Impacts of wind stress on the Antarctic Circumpolar Current fronts and associated subduction

Recent studies suggest that the overturning circulation in the Antarctic Circumpolar Current (ACC) region shows a weak sensitivity to overlying wind stress changes, due to balancing of changes in the eddy-induced and Eulerian mean transports. We use an eddy-permitting coupled climate model with 1/4-degree horizontal resolution to investigate changes in the large-scale circulation and regional dynamics of the ACC region in response to a large poleward shift and intensification of the westerlies.
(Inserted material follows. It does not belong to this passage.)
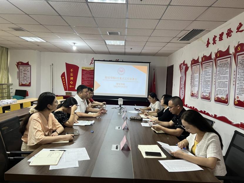 2022年7月29日上午,财经学院召开8月重点工作部署会,副校长胥懋云莅临出席会议,财经学院院长揭志锋、党总支书记何难绝、副院长匡文婷、全体党政班子成员参加会议,会议由财经学院院长揭志锋主持。

As in previous studies, we find a small increase in the net ACC transport (less than 10%), and a poleward shift in the mean position of the ACC flow. However, the ACC is restructured, with the Subantarctic Front and Polar Front branches shifting poleward by differing magnitudes, resulting in 4 Sv less ACC flow in the Subantarctic Zone and 16 Sv less flow in the Polar Front Zone. The wind stress anomaly drives a stronger northward Ekman transport and deepens the winter mixed layer, causing a 9 Sv increase in the net subduction of Subantarctic Mode Water north of the SAF zone, and stronger upwelling into the mixed layer within the SAF and PF zones where Antarctic Intermediate Water forms. The subduction and upwelling changes vary considerably across the Southern Ocean. Our results suggest that changes in the wind stress impact the Southern Ocean large-scale circulation, including the flow of the ACC in its primary jets, which presumably will affect the distribution of heat and nutrients via water mass formation and subduction in this complex region.